### WORK REQUEST
In the entries below, find the line with "Bolso de gamuza, supler" and transcribe it and every line after it exactly, through the last line, without pictures.

☆ ☆ ☆ ☆ ☆ ☆ ☆

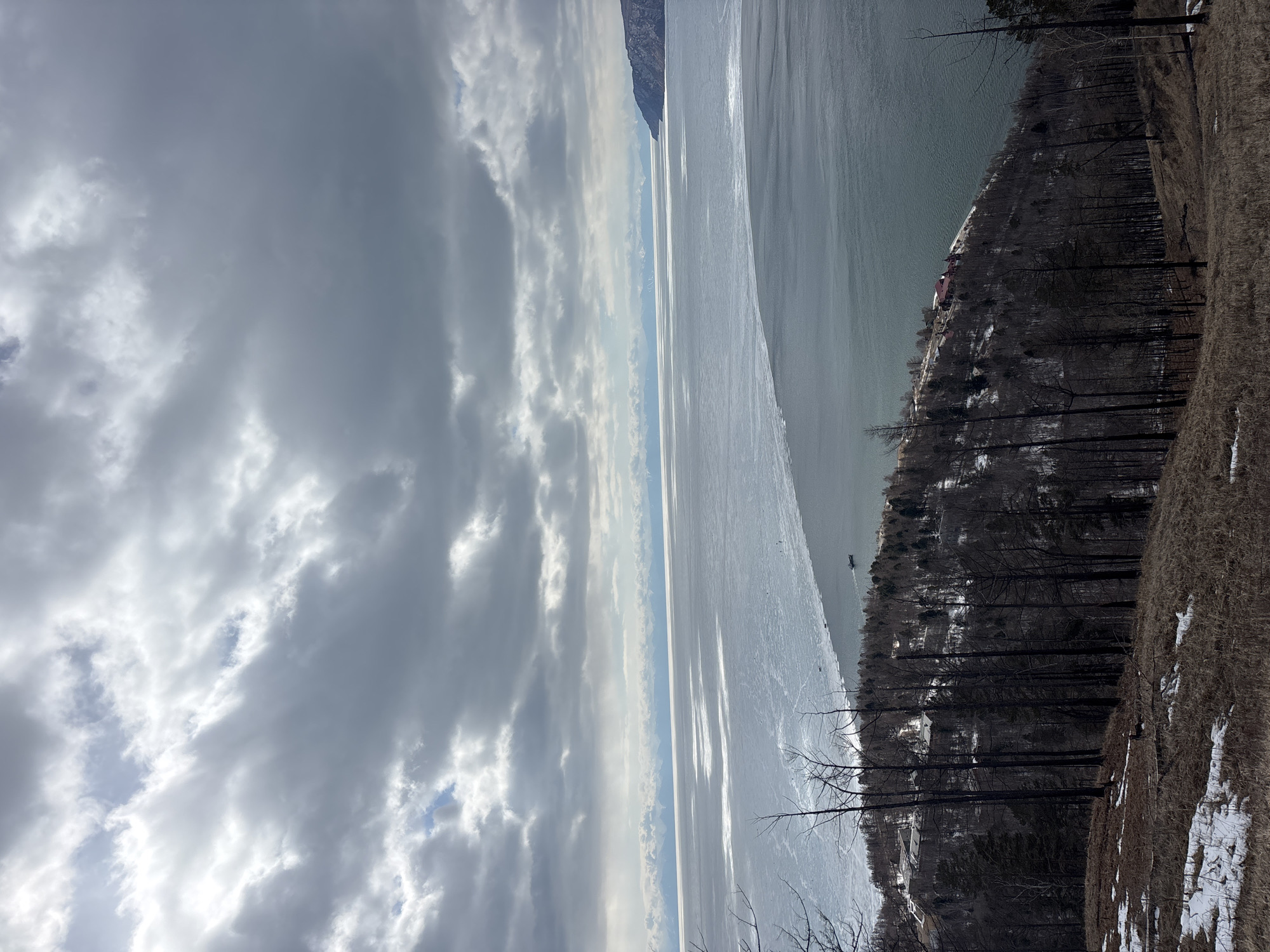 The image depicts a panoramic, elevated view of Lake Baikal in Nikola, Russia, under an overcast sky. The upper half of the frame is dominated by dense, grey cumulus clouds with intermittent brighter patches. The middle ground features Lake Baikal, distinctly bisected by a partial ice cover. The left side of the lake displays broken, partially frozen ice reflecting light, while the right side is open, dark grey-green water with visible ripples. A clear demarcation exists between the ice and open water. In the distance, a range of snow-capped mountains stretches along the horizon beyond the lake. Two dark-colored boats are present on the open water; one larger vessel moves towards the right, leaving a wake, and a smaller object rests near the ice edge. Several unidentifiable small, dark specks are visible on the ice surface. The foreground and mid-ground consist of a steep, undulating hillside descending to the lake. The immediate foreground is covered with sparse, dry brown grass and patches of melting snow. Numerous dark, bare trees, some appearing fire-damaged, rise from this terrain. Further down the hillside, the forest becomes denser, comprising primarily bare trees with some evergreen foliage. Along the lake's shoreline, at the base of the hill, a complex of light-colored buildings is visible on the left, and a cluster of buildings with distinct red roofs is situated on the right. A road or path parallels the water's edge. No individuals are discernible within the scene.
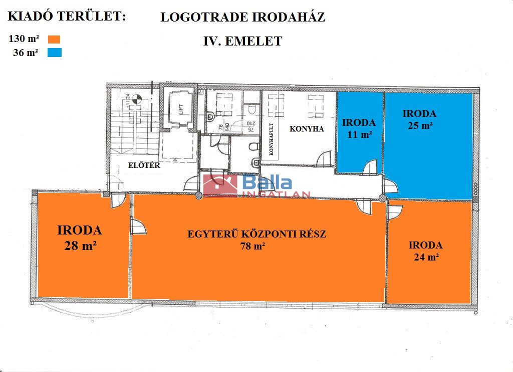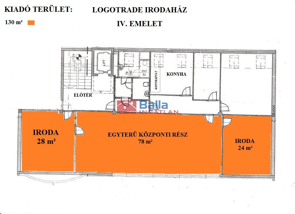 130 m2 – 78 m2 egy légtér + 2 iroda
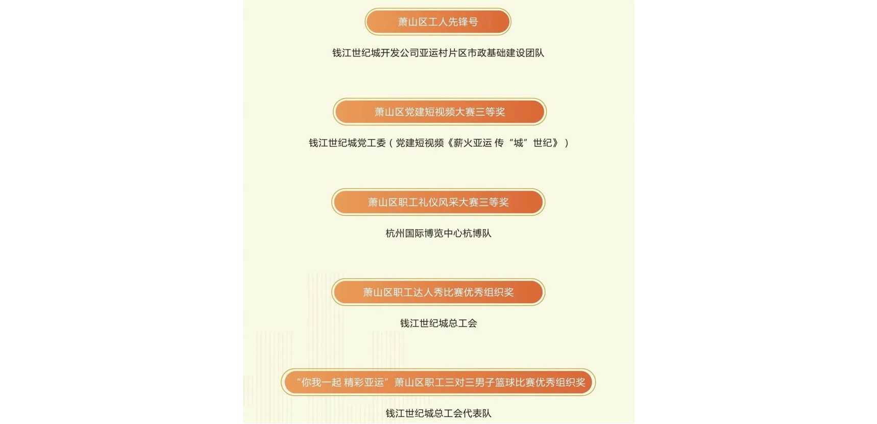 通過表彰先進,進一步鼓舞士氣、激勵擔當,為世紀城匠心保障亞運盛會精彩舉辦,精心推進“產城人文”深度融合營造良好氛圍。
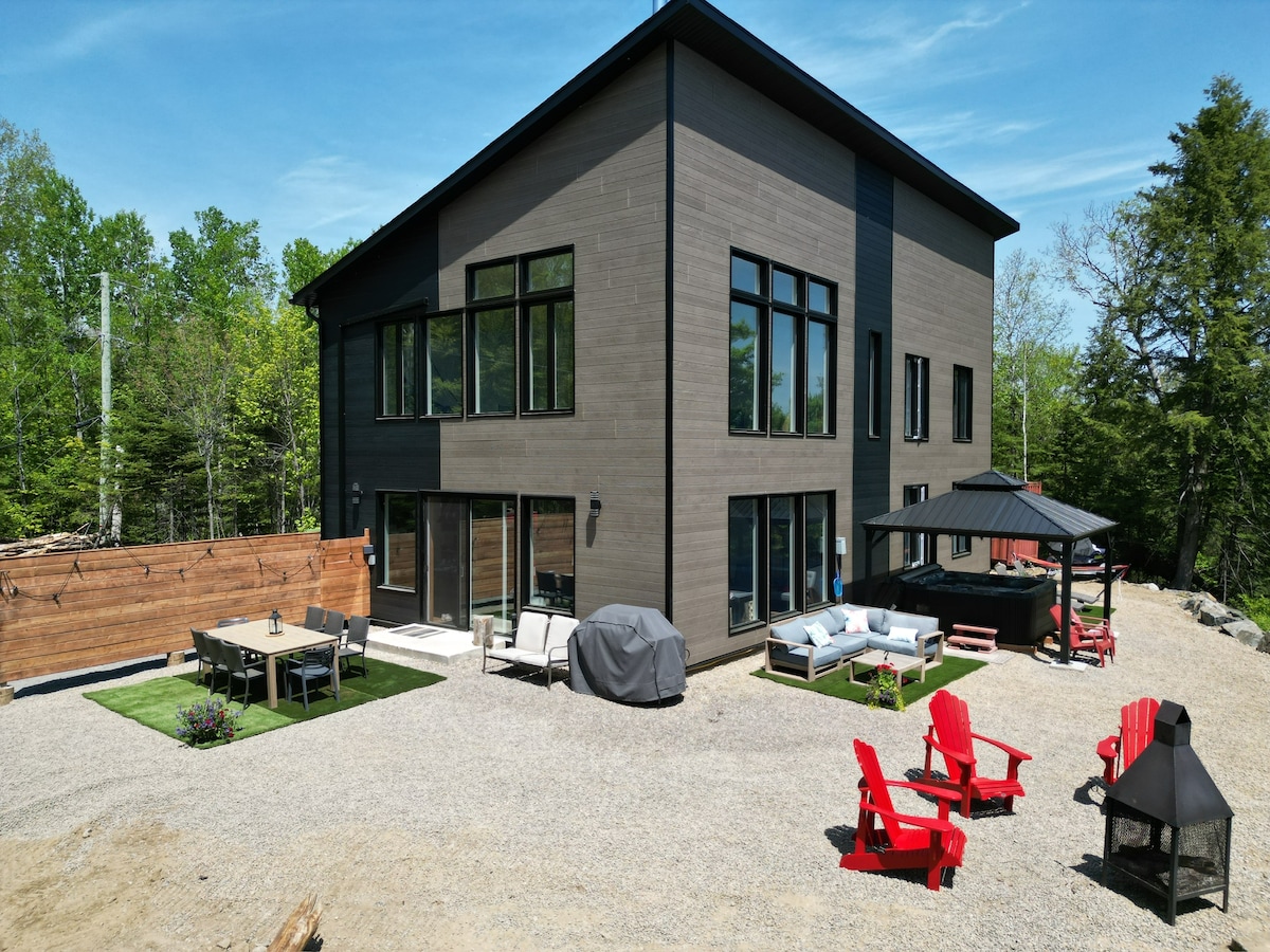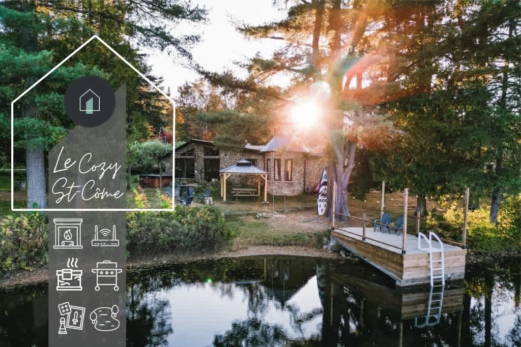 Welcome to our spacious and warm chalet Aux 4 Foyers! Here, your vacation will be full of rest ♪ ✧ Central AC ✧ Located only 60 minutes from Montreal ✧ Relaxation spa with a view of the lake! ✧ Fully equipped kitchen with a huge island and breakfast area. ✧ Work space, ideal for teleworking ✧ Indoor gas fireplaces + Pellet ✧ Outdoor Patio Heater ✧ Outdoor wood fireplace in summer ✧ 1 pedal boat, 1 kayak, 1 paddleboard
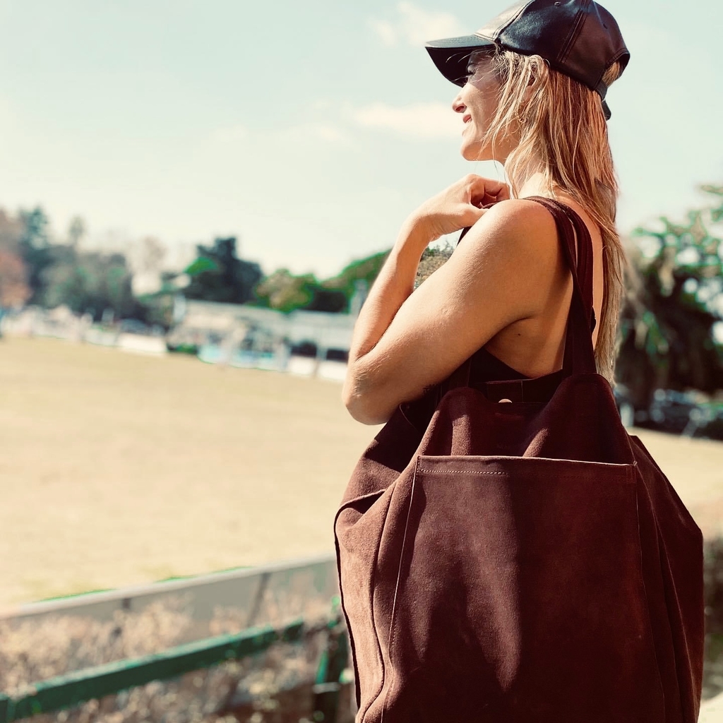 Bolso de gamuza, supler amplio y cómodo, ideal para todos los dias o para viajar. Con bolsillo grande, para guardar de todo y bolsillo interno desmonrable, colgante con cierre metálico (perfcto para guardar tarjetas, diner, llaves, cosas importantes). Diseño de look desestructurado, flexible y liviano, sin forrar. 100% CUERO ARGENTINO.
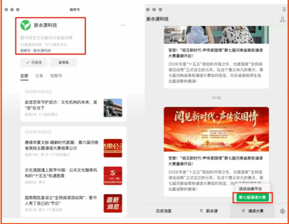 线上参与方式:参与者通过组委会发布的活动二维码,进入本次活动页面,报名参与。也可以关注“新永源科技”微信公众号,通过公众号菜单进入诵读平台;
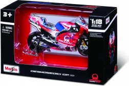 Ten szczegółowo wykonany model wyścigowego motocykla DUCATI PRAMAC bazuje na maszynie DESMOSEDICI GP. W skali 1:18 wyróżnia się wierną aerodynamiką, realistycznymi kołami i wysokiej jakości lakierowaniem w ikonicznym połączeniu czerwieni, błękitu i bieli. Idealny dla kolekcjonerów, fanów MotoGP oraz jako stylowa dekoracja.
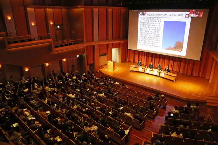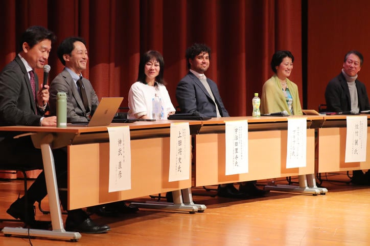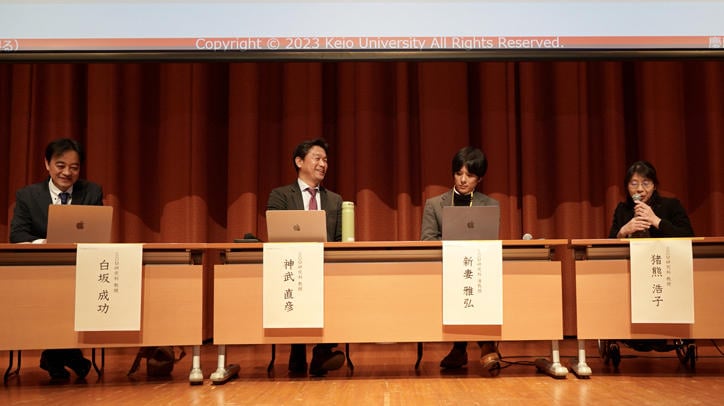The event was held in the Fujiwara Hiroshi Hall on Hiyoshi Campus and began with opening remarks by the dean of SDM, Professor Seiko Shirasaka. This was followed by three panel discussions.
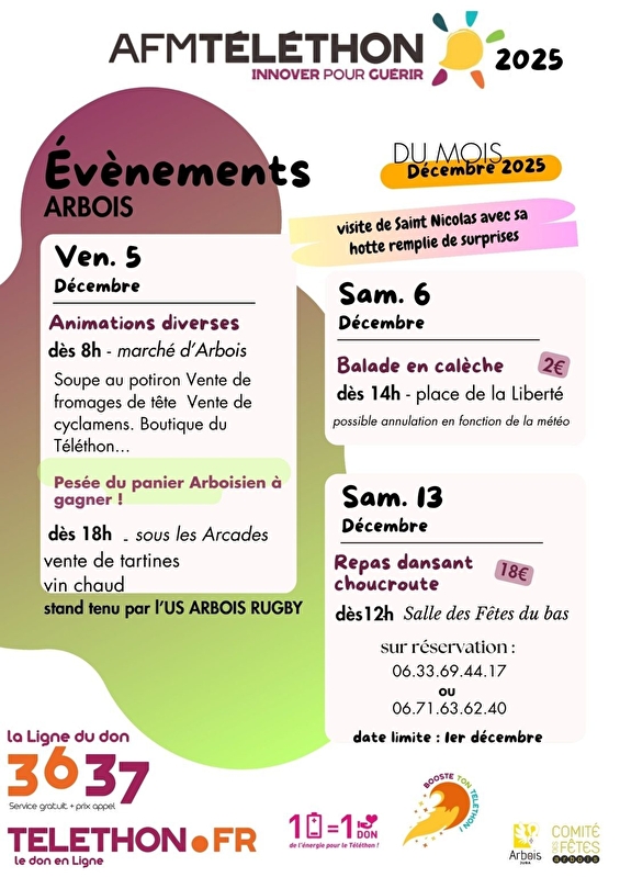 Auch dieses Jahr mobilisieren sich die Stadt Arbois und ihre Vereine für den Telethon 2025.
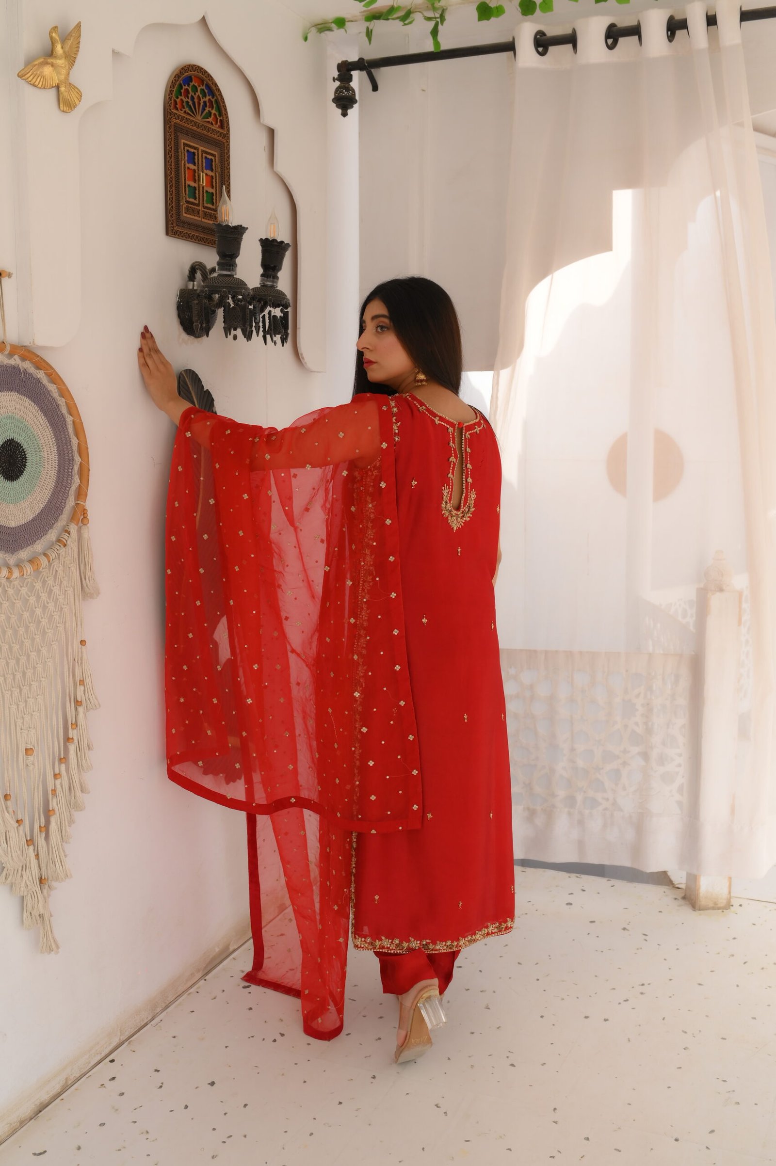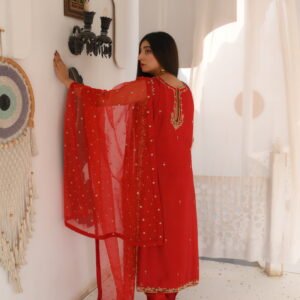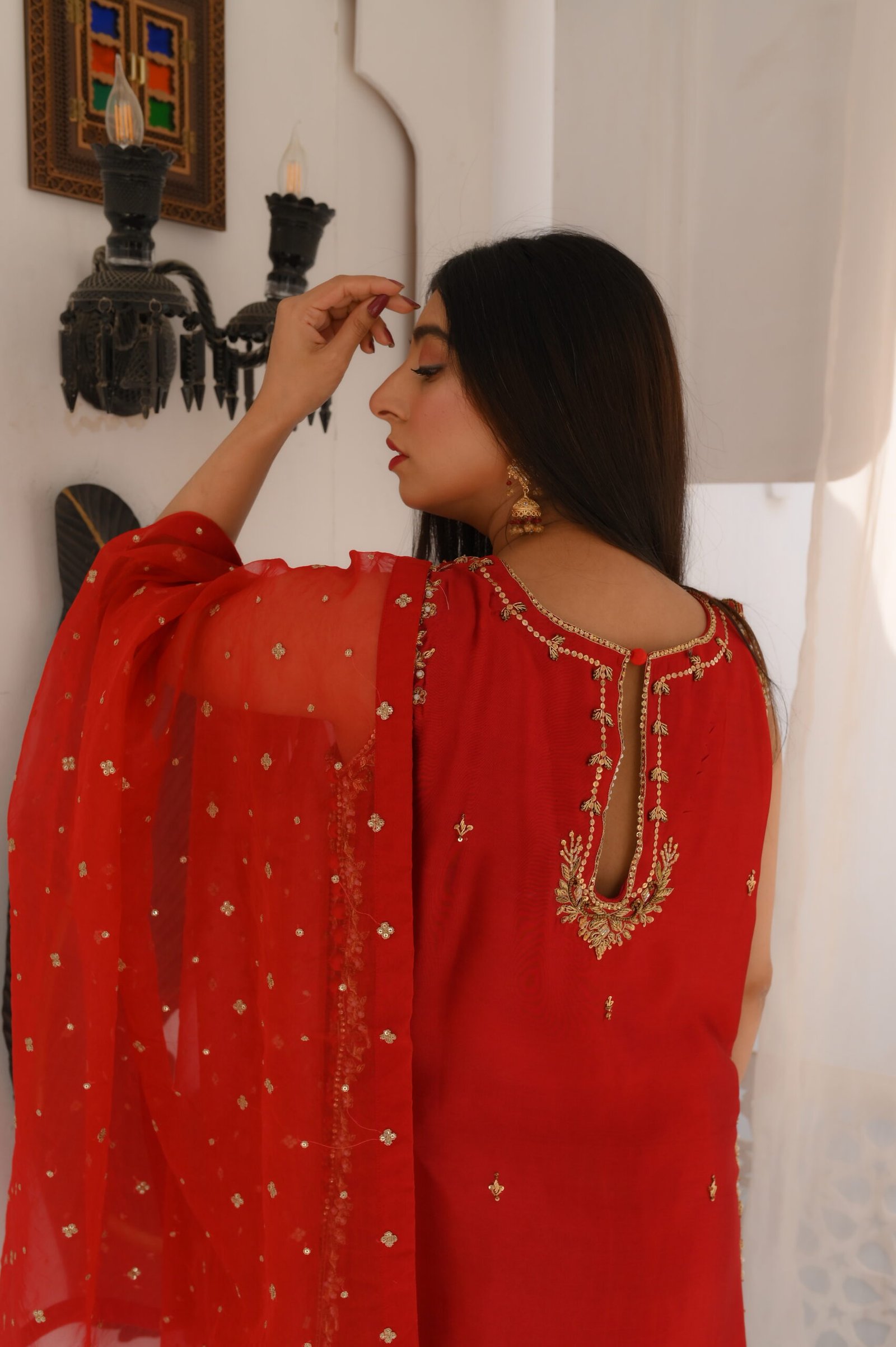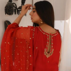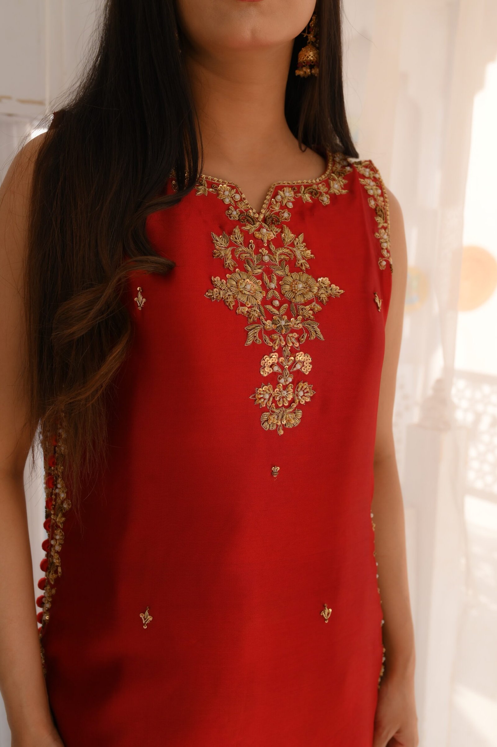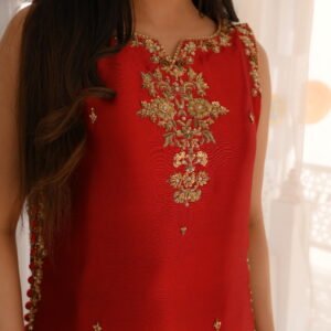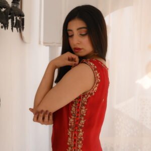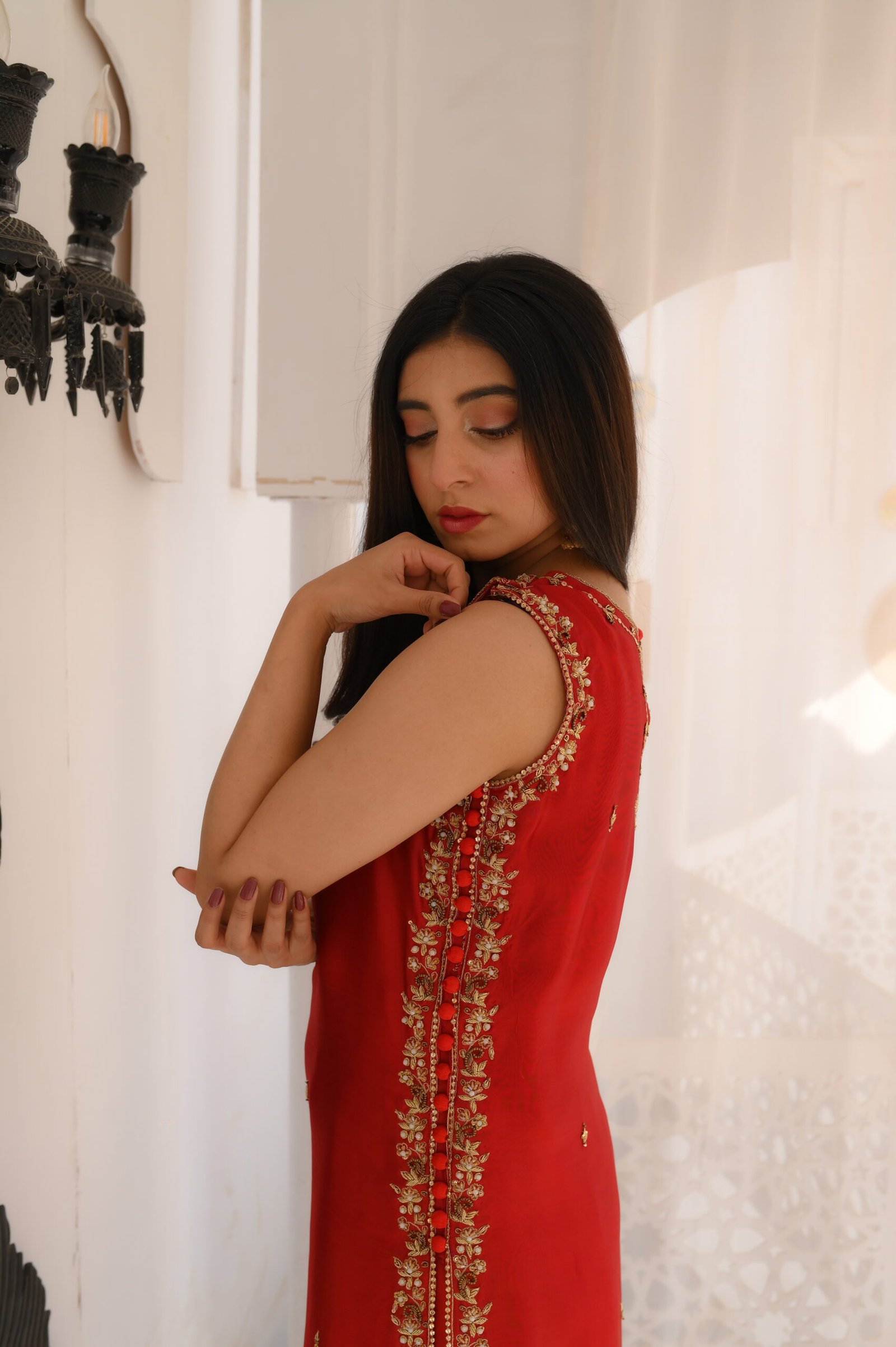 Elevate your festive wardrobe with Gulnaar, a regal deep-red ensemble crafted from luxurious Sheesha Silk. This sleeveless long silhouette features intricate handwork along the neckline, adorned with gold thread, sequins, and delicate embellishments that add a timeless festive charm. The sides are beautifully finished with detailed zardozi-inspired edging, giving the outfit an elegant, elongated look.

☆ ☆ ☆ ☆ ☆ ☆ ☆

### FINISHED TASK
 Bolso de gamuza, supler amplio y cómodo, ideal para todos los dias o para viajar. Con bolsillo grande, para guardar de todo y bolsillo interno desmonrable, colgante con cierre metálico (perfcto para guardar tarjetas, diner, llaves, cosas importantes). Diseño de look desestructurado, flexible y liviano, sin forrar. 100% CUERO ARGENTINO.
 线上参与方式:参与者通过组委会发布的活动二维码,进入本次活动页面,报名参与。也可以关注“新永源科技”微信公众号,通过公众号菜单进入诵读平台;
 Ten szczegółowo wykonany model wyścigowego motocykla DUCATI PRAMAC bazuje na maszynie DESMOSEDICI GP. W skali 1:18 wyróżnia się wierną aerodynamiką, realistycznymi kołami i wysokiej jakości lakierowaniem w ikonicznym połączeniu czerwieni, błękitu i bieli. Idealny dla kolekcjonerów, fanów MotoGP oraz jako stylowa dekoracja.
The event was held in the Fujiwara Hiroshi Hall on Hiyoshi Campus and began with opening remarks by the dean of SDM, Professor Seiko Shirasaka. This was followed by three panel discussions.
 Auch dieses Jahr mobilisieren sich die Stadt Arbois und ihre Vereine für den Telethon 2025.
 Elevate your festive wardrobe with Gulnaar, a regal deep-red ensemble crafted from luxurious Sheesha Silk. This sleeveless long silhouette features intricate handwork along the neckline, adorned with gold thread, sequins, and delicate embellishments that add a timeless festive charm. The sides are beautifully finished with detailed zardozi-inspired edging, giving the outfit an elegant, elongated look.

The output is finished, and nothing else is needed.